[Items from a data source]
===============

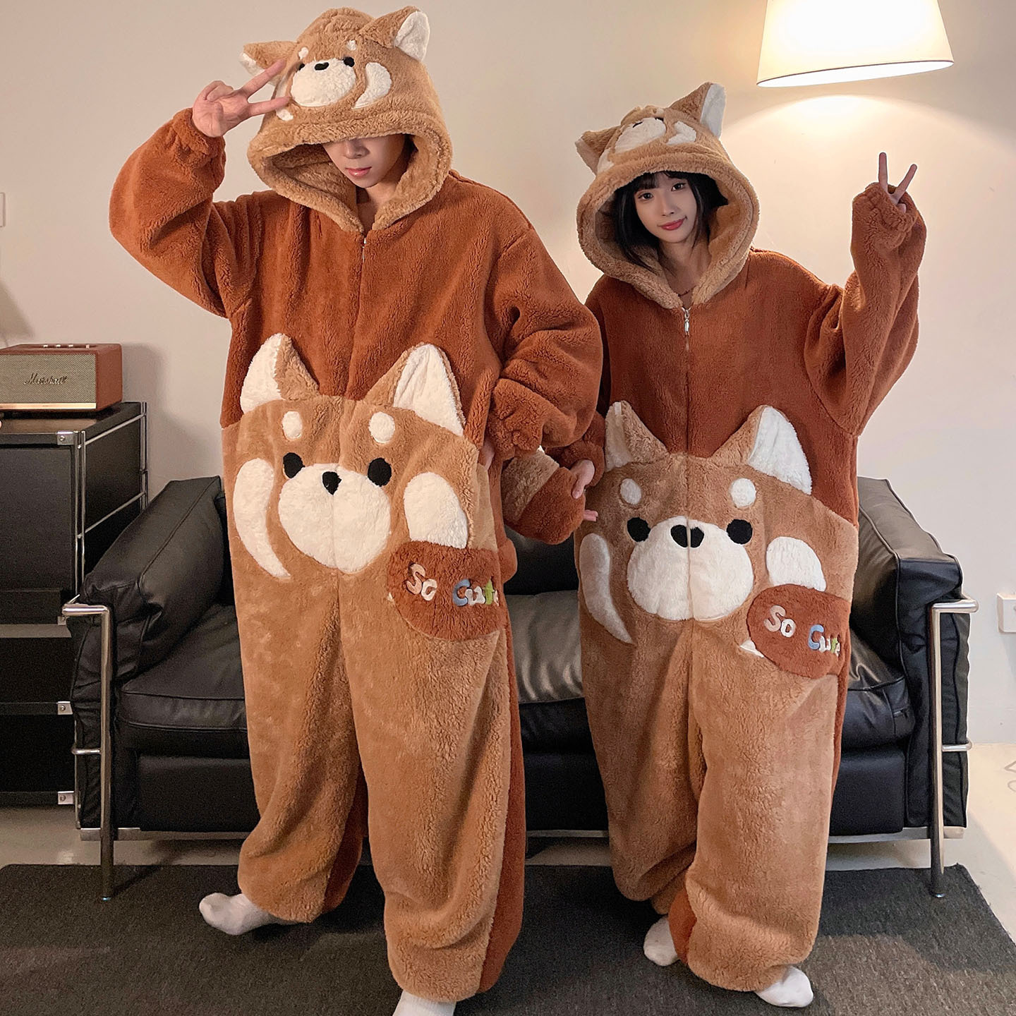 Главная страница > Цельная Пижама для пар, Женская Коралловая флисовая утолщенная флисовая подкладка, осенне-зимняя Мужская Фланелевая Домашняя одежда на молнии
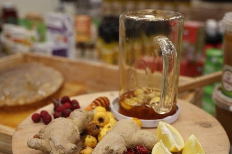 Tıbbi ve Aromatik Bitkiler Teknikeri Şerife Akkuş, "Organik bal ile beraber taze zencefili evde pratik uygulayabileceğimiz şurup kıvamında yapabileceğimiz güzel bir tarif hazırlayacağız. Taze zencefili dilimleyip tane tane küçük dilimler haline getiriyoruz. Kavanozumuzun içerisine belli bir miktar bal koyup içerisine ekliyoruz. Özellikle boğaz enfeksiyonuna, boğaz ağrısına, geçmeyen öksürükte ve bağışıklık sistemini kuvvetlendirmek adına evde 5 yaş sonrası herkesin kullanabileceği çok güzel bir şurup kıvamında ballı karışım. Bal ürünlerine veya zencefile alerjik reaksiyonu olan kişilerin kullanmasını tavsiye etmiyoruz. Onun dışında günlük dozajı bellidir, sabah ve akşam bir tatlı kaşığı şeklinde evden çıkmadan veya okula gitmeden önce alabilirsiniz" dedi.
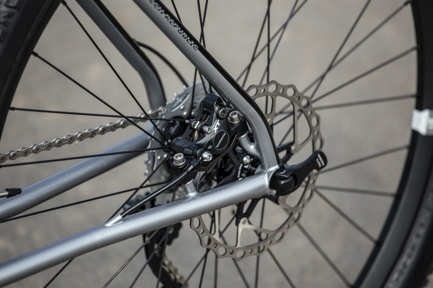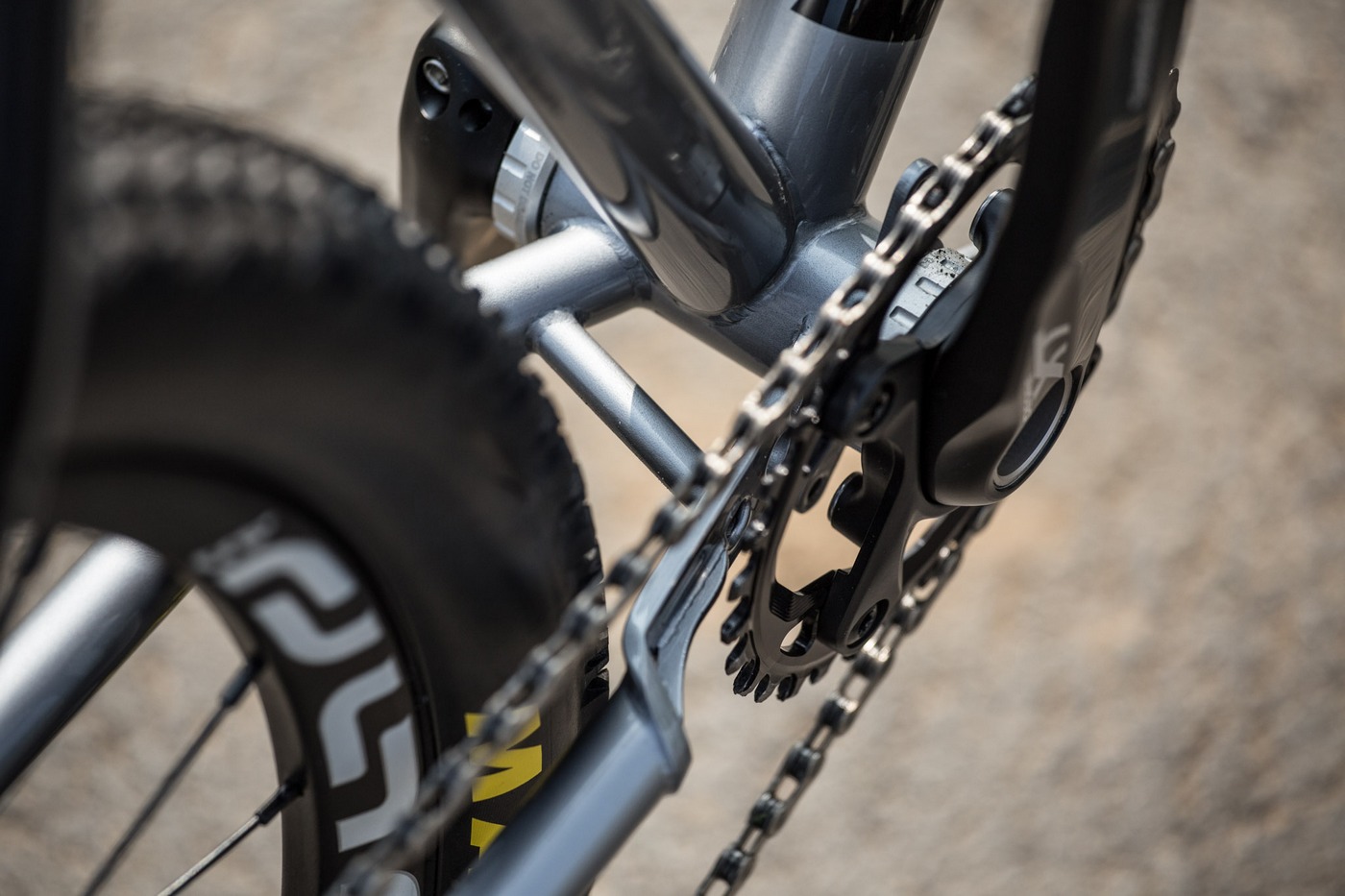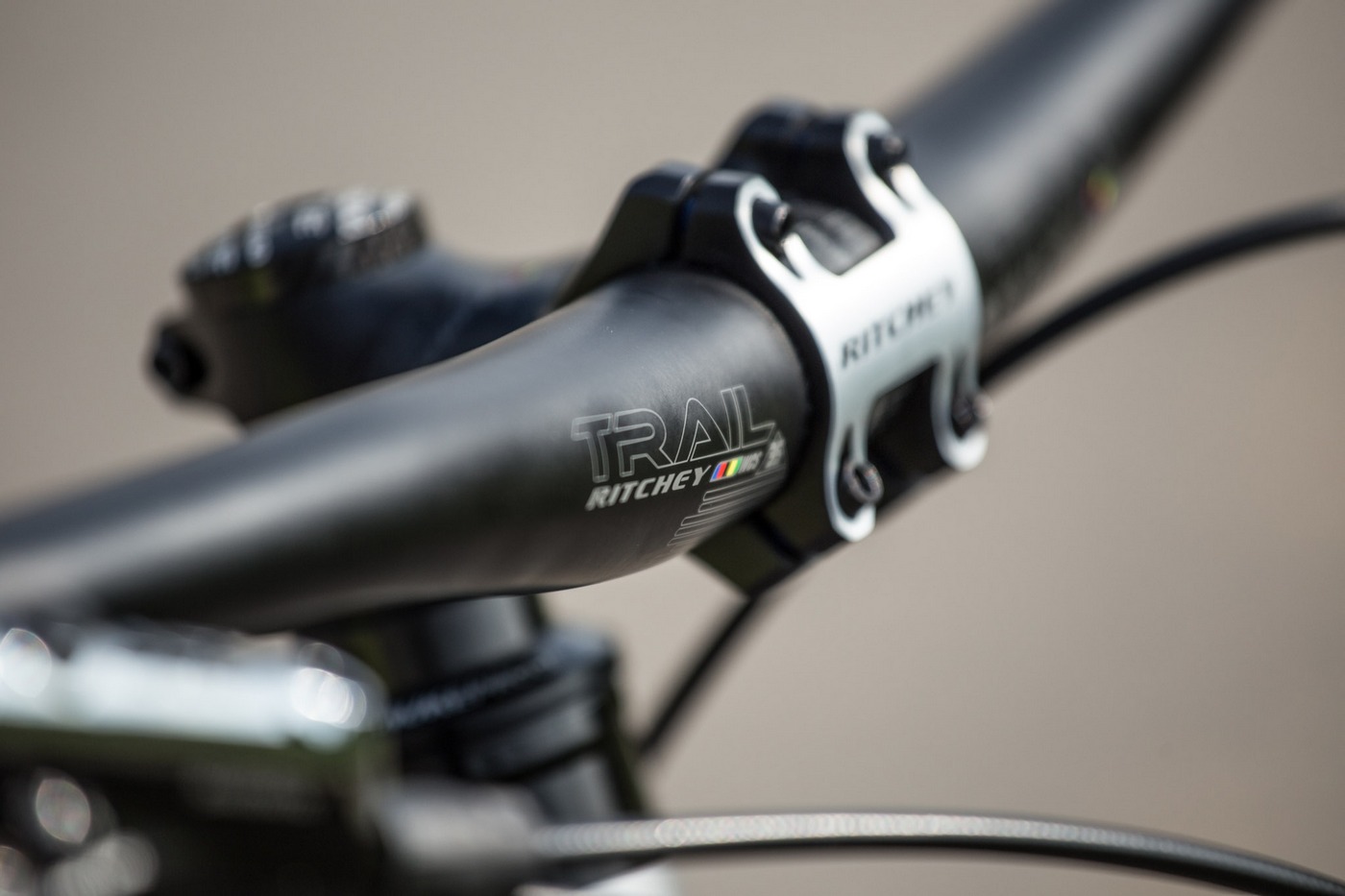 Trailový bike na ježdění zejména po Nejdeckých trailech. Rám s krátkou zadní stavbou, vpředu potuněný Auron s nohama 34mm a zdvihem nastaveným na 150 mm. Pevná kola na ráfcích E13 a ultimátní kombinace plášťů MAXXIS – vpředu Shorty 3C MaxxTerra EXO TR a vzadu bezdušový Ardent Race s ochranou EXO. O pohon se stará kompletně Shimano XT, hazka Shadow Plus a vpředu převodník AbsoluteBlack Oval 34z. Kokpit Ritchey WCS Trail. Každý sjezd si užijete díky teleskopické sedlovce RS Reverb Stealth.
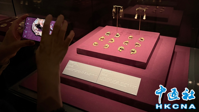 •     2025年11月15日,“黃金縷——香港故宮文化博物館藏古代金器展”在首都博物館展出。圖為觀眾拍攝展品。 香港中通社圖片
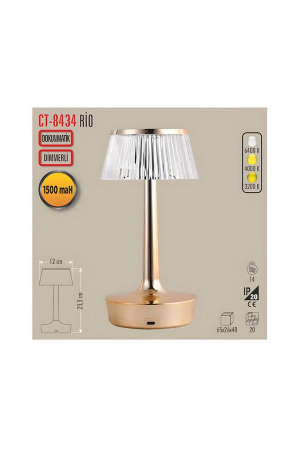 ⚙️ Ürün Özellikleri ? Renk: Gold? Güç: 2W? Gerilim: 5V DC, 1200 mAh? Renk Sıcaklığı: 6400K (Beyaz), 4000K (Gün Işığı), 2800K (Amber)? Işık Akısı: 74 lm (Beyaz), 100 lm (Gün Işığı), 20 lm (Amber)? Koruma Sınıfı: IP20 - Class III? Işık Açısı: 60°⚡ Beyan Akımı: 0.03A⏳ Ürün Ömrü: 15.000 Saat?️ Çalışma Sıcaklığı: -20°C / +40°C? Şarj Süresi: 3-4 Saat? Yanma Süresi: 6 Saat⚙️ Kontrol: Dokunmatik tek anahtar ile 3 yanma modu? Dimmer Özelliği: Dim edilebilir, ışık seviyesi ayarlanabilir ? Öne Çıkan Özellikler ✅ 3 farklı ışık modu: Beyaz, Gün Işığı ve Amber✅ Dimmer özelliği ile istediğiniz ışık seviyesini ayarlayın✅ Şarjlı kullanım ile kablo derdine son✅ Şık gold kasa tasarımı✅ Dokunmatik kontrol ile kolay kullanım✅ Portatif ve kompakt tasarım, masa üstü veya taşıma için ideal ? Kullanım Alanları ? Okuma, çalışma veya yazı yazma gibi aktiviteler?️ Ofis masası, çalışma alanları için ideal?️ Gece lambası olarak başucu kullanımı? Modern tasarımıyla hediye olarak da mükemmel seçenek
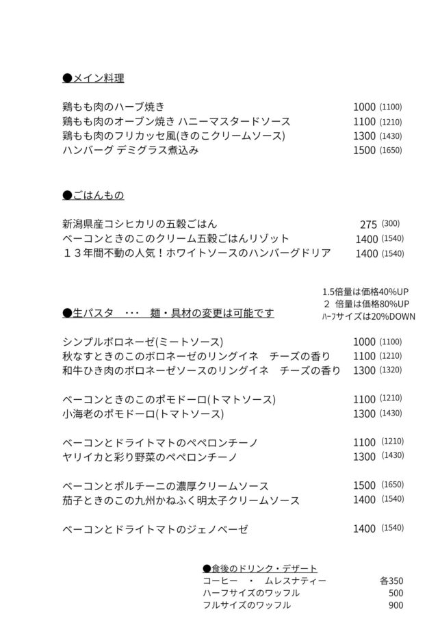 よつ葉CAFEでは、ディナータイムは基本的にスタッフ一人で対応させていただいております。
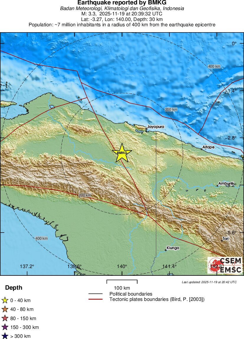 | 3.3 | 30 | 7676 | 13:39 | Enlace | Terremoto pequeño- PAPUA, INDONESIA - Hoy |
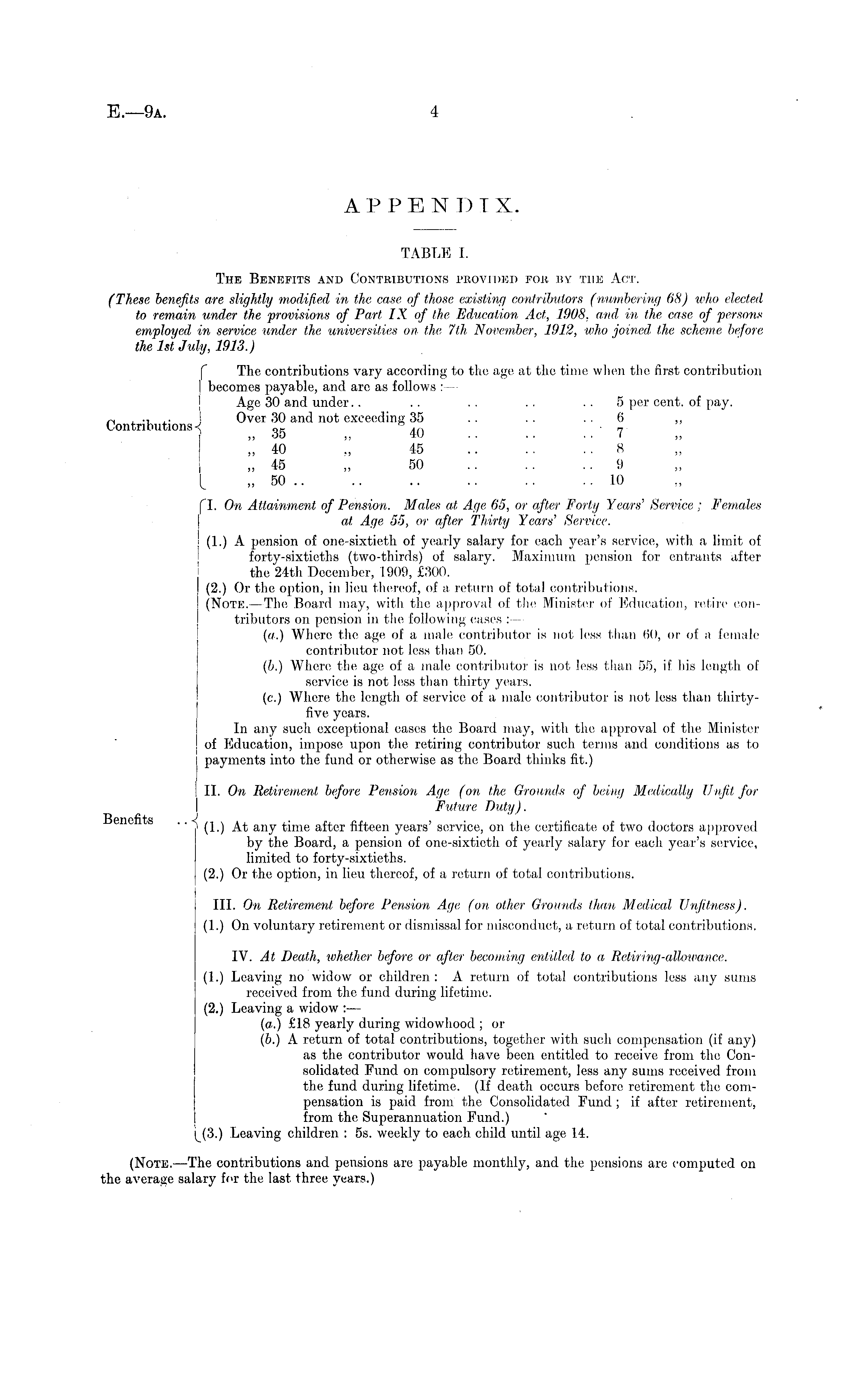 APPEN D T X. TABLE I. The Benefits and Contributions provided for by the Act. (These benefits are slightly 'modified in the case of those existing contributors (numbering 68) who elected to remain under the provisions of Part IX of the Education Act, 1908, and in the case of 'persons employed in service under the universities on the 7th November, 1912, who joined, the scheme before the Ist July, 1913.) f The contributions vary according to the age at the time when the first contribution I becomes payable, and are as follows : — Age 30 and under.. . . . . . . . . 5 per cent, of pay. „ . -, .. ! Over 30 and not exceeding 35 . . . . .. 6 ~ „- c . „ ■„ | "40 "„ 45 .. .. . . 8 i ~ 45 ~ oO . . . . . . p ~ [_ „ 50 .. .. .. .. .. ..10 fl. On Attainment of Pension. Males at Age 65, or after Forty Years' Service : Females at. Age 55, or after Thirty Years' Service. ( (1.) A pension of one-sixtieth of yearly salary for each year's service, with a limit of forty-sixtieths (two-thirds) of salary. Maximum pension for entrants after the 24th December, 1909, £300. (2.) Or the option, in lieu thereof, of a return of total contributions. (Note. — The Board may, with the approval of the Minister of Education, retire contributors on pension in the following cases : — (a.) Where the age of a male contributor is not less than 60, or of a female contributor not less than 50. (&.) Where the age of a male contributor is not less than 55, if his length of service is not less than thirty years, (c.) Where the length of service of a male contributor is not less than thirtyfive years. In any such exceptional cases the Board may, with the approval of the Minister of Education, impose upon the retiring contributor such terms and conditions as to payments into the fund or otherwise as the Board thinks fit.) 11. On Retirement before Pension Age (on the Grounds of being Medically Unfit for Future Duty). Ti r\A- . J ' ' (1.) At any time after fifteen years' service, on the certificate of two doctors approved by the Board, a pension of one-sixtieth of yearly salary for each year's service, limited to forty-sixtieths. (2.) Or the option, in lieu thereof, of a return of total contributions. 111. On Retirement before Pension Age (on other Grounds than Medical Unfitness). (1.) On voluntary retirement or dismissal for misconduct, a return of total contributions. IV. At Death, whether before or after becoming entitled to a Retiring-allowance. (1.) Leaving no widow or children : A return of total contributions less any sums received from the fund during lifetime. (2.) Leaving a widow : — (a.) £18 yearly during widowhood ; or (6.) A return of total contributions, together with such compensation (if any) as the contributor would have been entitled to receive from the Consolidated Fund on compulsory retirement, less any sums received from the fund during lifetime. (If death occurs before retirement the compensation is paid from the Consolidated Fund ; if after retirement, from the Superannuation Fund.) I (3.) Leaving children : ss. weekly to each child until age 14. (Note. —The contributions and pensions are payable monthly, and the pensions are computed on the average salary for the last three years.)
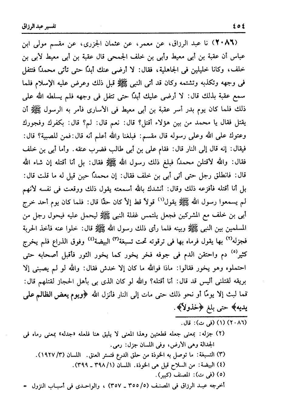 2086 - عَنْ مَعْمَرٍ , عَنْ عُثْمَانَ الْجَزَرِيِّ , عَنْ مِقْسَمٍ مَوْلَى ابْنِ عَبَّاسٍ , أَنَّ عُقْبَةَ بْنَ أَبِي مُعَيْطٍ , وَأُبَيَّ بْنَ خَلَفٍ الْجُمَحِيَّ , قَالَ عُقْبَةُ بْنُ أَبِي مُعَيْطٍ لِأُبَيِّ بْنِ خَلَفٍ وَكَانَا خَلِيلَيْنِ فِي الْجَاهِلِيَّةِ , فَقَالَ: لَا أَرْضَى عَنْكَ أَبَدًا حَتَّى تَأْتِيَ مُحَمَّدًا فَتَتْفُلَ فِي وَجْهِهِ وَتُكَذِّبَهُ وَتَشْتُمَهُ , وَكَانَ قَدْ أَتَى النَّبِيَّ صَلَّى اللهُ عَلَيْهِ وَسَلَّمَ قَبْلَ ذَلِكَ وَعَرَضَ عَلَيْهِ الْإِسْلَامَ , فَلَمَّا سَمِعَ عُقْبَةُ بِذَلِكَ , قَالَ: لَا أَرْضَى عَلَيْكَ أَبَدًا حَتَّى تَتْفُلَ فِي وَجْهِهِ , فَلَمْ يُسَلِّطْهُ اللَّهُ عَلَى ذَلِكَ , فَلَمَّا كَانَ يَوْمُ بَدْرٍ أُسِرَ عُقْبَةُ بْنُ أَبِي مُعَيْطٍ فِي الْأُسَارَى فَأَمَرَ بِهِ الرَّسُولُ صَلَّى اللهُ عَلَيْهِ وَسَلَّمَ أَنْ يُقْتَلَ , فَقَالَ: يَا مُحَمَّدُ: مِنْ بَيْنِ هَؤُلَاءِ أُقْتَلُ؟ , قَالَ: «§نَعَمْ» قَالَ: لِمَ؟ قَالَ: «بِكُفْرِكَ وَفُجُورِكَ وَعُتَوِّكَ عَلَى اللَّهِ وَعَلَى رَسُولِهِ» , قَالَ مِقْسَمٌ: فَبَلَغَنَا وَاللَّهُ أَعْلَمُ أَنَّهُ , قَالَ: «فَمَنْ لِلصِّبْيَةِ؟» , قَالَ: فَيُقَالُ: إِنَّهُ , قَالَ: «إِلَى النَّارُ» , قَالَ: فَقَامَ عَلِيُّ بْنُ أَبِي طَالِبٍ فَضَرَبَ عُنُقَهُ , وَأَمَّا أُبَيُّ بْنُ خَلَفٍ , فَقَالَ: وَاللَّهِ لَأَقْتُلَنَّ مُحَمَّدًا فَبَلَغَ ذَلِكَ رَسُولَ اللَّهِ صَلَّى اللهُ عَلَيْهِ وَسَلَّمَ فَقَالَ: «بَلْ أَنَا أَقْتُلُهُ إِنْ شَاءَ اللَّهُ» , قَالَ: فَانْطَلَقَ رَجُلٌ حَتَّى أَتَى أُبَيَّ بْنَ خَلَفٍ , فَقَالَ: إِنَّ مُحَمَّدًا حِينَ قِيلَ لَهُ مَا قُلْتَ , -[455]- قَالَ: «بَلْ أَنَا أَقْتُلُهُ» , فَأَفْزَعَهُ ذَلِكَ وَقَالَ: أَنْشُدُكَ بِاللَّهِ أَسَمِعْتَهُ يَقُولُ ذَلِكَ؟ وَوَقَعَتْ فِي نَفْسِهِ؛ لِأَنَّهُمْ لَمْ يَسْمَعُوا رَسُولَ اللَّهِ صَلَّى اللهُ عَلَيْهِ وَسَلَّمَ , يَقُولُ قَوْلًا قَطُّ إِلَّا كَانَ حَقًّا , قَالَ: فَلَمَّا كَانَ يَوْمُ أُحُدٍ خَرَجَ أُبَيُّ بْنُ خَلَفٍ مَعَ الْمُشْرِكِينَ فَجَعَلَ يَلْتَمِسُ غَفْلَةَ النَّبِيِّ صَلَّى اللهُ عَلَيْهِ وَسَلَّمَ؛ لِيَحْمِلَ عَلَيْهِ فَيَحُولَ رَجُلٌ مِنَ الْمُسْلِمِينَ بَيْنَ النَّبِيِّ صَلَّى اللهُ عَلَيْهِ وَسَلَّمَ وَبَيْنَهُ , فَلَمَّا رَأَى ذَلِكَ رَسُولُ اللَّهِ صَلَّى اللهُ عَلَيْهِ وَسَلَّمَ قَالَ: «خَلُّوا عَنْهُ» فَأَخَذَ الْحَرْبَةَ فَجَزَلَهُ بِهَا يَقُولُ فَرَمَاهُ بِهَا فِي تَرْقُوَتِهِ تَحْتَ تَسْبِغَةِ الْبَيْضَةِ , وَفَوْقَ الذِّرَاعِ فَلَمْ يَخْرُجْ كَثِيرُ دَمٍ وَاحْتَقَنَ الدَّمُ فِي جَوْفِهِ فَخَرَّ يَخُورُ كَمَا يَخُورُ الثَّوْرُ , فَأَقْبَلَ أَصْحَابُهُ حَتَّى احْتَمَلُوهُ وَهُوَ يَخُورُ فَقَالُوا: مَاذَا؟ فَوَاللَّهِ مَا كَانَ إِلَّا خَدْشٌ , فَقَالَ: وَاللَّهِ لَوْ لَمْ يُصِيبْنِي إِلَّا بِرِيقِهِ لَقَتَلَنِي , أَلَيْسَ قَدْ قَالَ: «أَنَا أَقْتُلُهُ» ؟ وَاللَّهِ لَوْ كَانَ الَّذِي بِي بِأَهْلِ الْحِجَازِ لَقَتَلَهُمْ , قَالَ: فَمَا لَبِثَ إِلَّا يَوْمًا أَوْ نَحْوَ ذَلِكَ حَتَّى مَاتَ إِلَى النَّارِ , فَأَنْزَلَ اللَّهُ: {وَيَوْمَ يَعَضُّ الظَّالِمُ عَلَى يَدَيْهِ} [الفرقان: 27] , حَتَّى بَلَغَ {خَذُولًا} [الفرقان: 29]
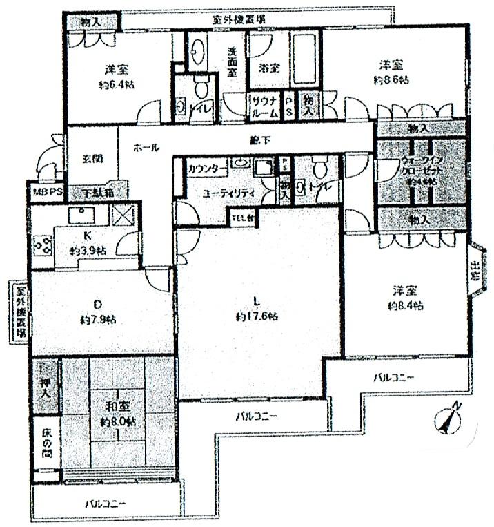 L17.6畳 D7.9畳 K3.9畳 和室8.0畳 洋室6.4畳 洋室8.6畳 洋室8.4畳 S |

===============

▶ Work required:
Although the records above contain pictures, the copy must not; set down exactly the lines from the one with "よつ葉CAFEでは、ディナー" up to and including the one with "INDONESIA - Hoy |".

▶ Exercise result:
 よつ葉CAFEでは、ディナータイムは基本的にスタッフ一人で対応させていただいております。
 | 3.3 | 30 | 7676 | 13:39 | Enlace | Terremoto pequeño- PAPUA, INDONESIA - Hoy |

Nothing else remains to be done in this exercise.